Em 2005, por exemplo, foram exportadas quase 20 mil toneladas de carne de equídeos - cavalo, jumento e mula. A renda foi de US$ 35 milhões (R$ 111 milhões). Depois, os negócios começaram a despencar. Em 2008, as exportações caíram pela metade. Já em 2010, o montante despencou para 3,3 mil toneladas e ficou abaixo de 2 mil em 2013. Os dados são do Ministério da Agricultura, Pecuária e Abastecimento (MAPA).
Frigoríficos de cavalos: restam apenas dois no Brasil
O Brasil chegou a ter seis frigoríficos de equinos ativos em 2004. Eles ficavam no Paraná, Rio Grande do Sul e Minas Gerais – dois por estado. O Paraná, inclusive, já foi o maior exportador, com 60% do mercado em 2004, segundo estudo da Esalq/USP. Hoje, a participação paraense é zero - inclusive no número de abates.
Atualmente, restam apenas dois no Brasil. Um fica em Floresta, em São Gabriel (RS), e a gerência se negou a dar entrevista. O outro, de Araguari (MG) - aquele mesmo atingido pela “crise do mormo de 2013”, citada na matéria ao lado. O proprietário não retornou aos chamados da reportagem durante a última semana.
Há uma explicação para a derrocada da produção de carne de cavalo no Brasil. “O primeiro tombo pode ser explicado por conta da falta de rastreabilidade dos animais. A Europa, que é o principal importador de carne de cavalos, passou a exigir o acompanhamento do animal desde pequeno. Como o cavalo tem baixo valor de descarte e apenas cavalos velhos são abatidos, ninguém se preocupou em fazer isso”, explica Roberto Arruda.

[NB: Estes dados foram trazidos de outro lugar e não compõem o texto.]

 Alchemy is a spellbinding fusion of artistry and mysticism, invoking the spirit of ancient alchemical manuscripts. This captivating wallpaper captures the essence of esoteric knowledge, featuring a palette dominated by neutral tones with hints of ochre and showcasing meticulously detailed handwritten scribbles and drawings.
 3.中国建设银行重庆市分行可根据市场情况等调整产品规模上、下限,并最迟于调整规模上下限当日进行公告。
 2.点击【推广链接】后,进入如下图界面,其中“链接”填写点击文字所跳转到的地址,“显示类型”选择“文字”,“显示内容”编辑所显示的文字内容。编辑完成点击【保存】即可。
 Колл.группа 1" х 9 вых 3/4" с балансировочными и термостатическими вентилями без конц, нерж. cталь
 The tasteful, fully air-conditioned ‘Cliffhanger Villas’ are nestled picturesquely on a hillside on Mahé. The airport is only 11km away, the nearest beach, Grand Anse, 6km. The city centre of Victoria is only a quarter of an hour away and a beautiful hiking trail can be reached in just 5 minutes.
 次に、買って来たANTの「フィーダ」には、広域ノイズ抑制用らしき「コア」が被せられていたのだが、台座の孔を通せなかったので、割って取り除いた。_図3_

Após esse baque, o país “caiu do cavalo” novamente em 2013, quando houve um caso de mormo (doença bacteriana) que acometeu um animal na região de Araguari, onde fica um dos únicos frigoríficos do país que abatem equinos. Uma vez descoberto, o caso impede o trânsito desses animais em um raio de dez quilômetros, o que paralisou os abates. “Assim o frigorífico ficou sem matéria prima de 6 a 8 meses. Isso impactou negativamente nas exportações”, completa Roberto Arruda.

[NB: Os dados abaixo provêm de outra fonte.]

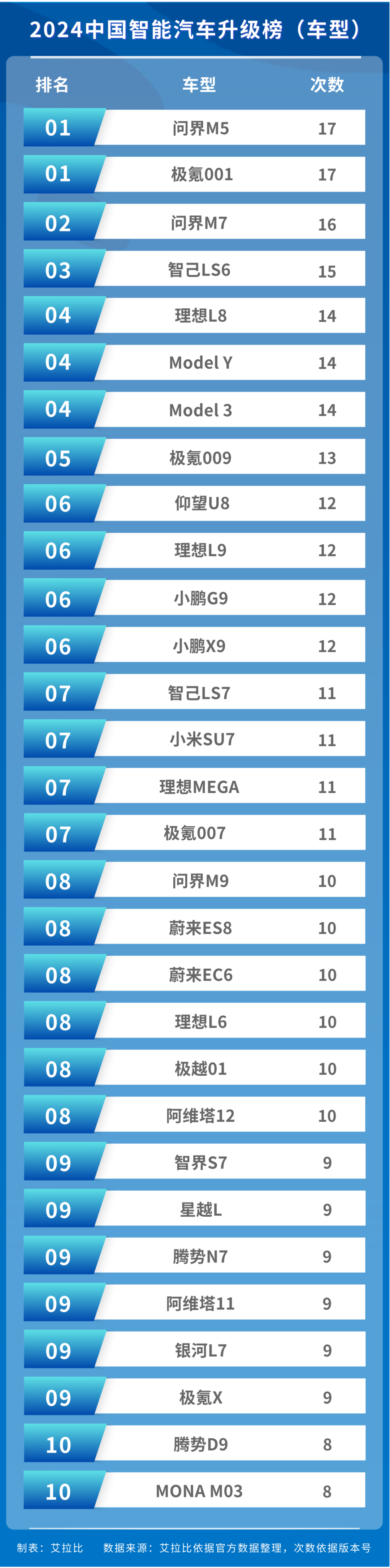 车型榜单上,问界M5和极氪001升级次数达到17次,以1.4次/月(不含公测版本)的升级频次稳定在榜首。问界M7紧随其后,智己LS6升级次数15次,特斯拉Model 3和Model Y的升级次数达到14次,足以看出竞争的白热化。

Alguém, então, acabaria aproveitando esse mercado. “Tenho a impressão que isso acontece no Uruguai”, afirma o especialista. Ele explica que o vizinho pode seguir o “exemplo mexicano”: “Carne de cavalo sempre foi um tema polêmico. Nos Estados Unidos, estado por estado foram proibindo os abates e o México cresceu, se tornando um grande exportador”, comenta Arruda.
E existem perspectivas para mudar esse mercado? Para o especialista, apenas se a legislação atual for alterada e exigir novas garantias de sanidade. Enquanto isso, o Brasil segue perdendo a corrida.

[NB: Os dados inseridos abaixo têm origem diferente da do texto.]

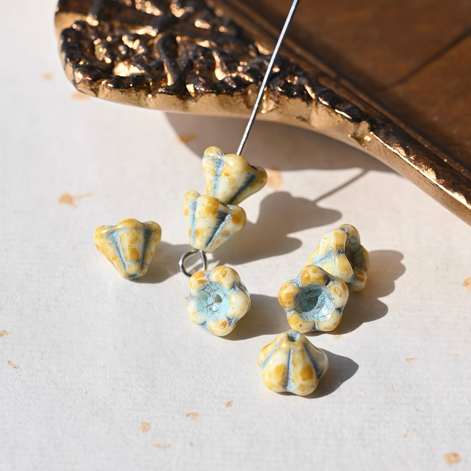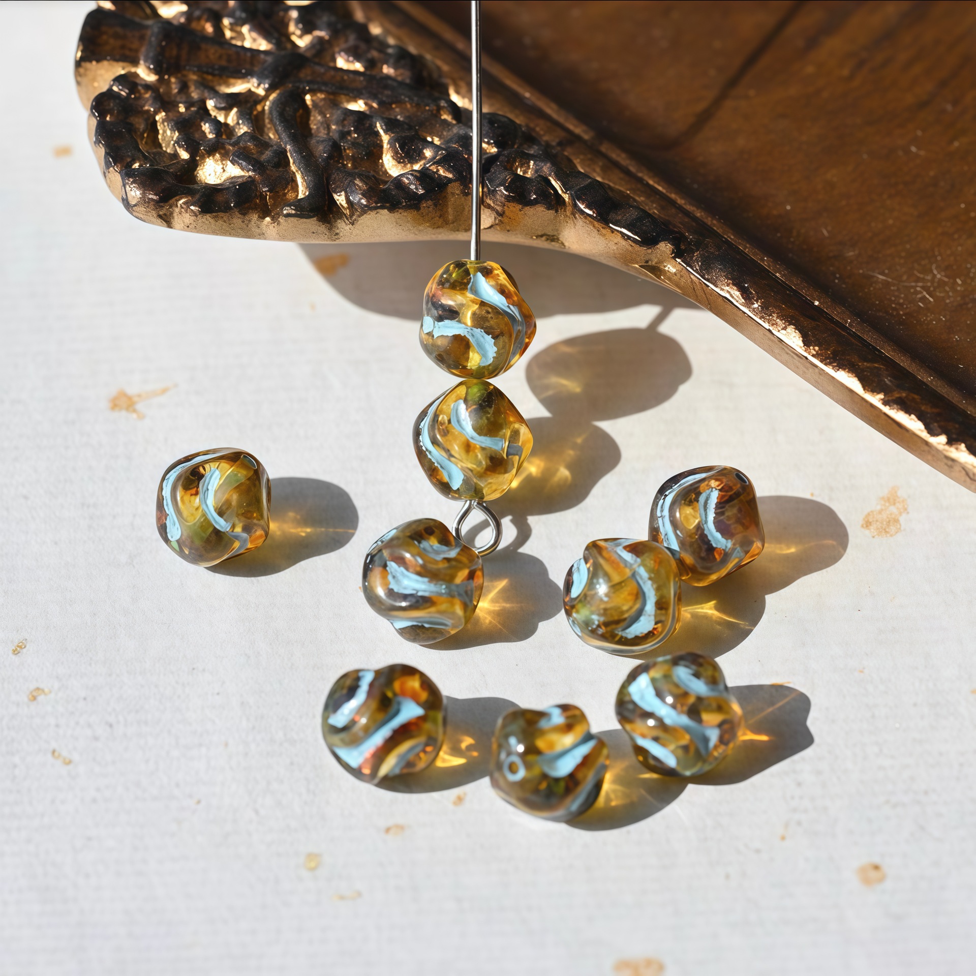 Color: 10x8mm picasso amber blue coffee beans 1 piece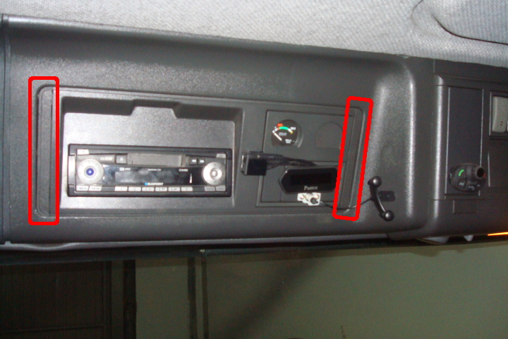 No tengo fotos iniciales, pero en la imagen se ven las tapas que quitándolas haciendo presión, se verán los tornillos que sujetan todo el módulo de la radio y los indicadores de la derecha.

Abate de cavalos cumpre função social, diz especialista
Especialista em equinocultura da Esalq/USP, Roberto Arruda observa que praticamente não há criação de cavalos para engorda no mundo. “Apenas em um pedacinho da França”, diz. O professor ensina que somente é feito o abate de cavalos idosos.
“Pense um carroceiro com um cavalo velho e improdutivo. Ou ele mantém o cavalo sem uso e, ao invés de alimentar o filho, alimenta o animal, ou abandona”, comenta. Segundo ele, isso colabora para o aumento de acidentes nas estradas, além do próprio sofrimento do animal.
Neste sentido, o abate pode inclusive gerar renda extra ao dono do equino. O problema é que, atualmente, para ser aceito nos frigoríficos os animais precisam passar por algumas regras.
“Quando cavalo é mal tratado, o frigorífico não aceita. Tem de haver todo um transporte adequado para um abate mais ‘humanitário’. O que se vê na internet são coisas horripilantes, que não acontecem nesses frigoríficos, e o leigo costuma confundir”, explica Arruda.
O especialista completa dizendo ainda que animais que participam de competições esportivas e sociais não são abatidos pois, ao longo da vida, recebem muitos medicamentos, o que inviabiliza o animal para consumo humano.